寧櫻聽他這么說,就知道他誤會了,誤會成她特意準備了一大堆夜宵等著他來。
她心里默默地道:其實,只是因為我能吃得下那么多而已……
進了里屋,奴才們獻上香茶,四阿哥和寧櫻漱口之后,又過了兩炷香功夫,兩個人才睡下。
其實今兒是四阿哥生辰,按照常理,他是應該宿在福晉那兒的。
或者回書房。
寧櫻當然不準備問四阿哥為什么不宿在福晉那里——她可懶得扮這個賢惠。
“賢惠”這種事,只有在心甘情愿,胸無怨氣的前提下,才有意義。
否則就成了索取。
四阿哥摟著她,洗漱過后,換上了白色的里衣。
雖然已經用涼茶水漱口清潔過,但是兩個人你看看我,我看看你,就看彼此的嘴唇周邊,還是一圈微微紅腫——都是剛才兒的燒烤,辣椒粉撒多了。
兩個人都忍不住笑了。
床帳子拉上之后,床里頓時隔絕出一片香軟旖旎的天地——天是淡淡櫻粉色的,地也是淡淡櫻粉色的,漫天無際的櫻花圖案,勾勒出一帳子的春風無邊。
可惜四阿哥帶了一本書進來,無端端的有些煞風景。
寧櫻趴在四阿哥胸前,微微向后仰了仰頭。
她臉上看著一本正經,腿卻在被子里暗暗地伸了過去,越伸越長,最后淘氣地蹬在了四阿哥的另一只腳上。

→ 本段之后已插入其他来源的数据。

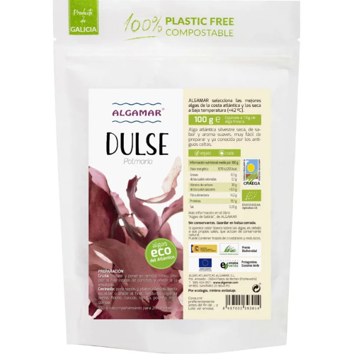 Algele marine marca Algamar sunt toate alge sălbatice, recoltate de pe coastele nepoluate ale regiunii Galicia din Spania. Există și alge marine de cultură, însă nu pot fi comparate calitativ și nutritional cu cele sălbatice. Un alt mare avantaj al algelor sălbatice este că sunt departe de sursele de radiații. Japonia este printre cei mai mari furnizori de alge marine din lume (în special sushi și nori), însă mulți iubitori de alge marine au început să caute alte surse de alge în afară de Japonia, din cauza radiațiilor rezultate în urmă exploziei nucleare de la Fukushima.Este bogată Vitamina C, fosfor și proteine. Ideală în salate și snacks-uri, chiar și fără înmuiere prealabilă!Mod de preparare:- crude: adăugați în salate, se poate adăuga și fără înmuiere, dacă totuși doriți să o inmuiati în prealabil, 2 minute sunt suficiente.- gătite: în supe sau mâncăruri rapide, doar clătiți-le cu apă și adăugați-le la final. Se poate adăuga în orez, mei, quinoa, amaranth, paște, cus-cus, etc.Valori nutriționale/100g:Proteine 18%Grăsimi 2%Carbohidrați 56%Fibre 2.5%Potasiu 7310mgCalciu 560mgMagneziu 610mgFosfor 235mgFier 50mgIod 55mgVitamina A 1.59mgVitamina B12 0.9mgVitamina C 34.5mg.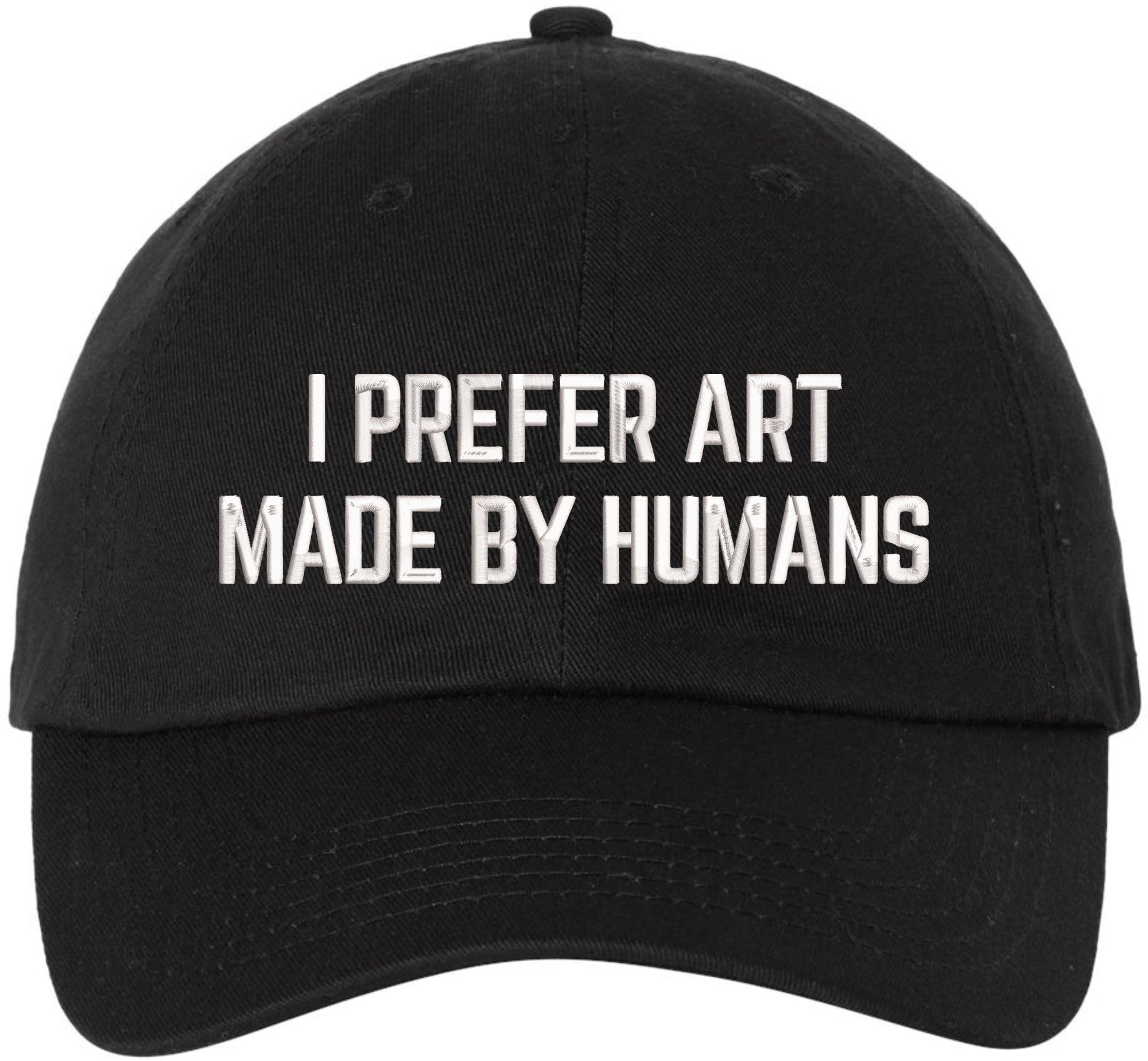 | Product | I Prefer Art Made By Humans Embroidered Dad Hat | AI-Free Creativity Artistic Statement Baseball Cap |

她微微向后仰頭,神情里帶著柔軟的天真,抱住四阿哥的胳膊,軟綿綿,笑瞇瞇地道:“四爺,祝你生辰快樂呀!”
四阿哥本來是真的打算看一會兒書,結果被她鬧得心里一片柔軟——櫻兒蜷在他身上,跟一只人形的小狗似的,又嬌又憨。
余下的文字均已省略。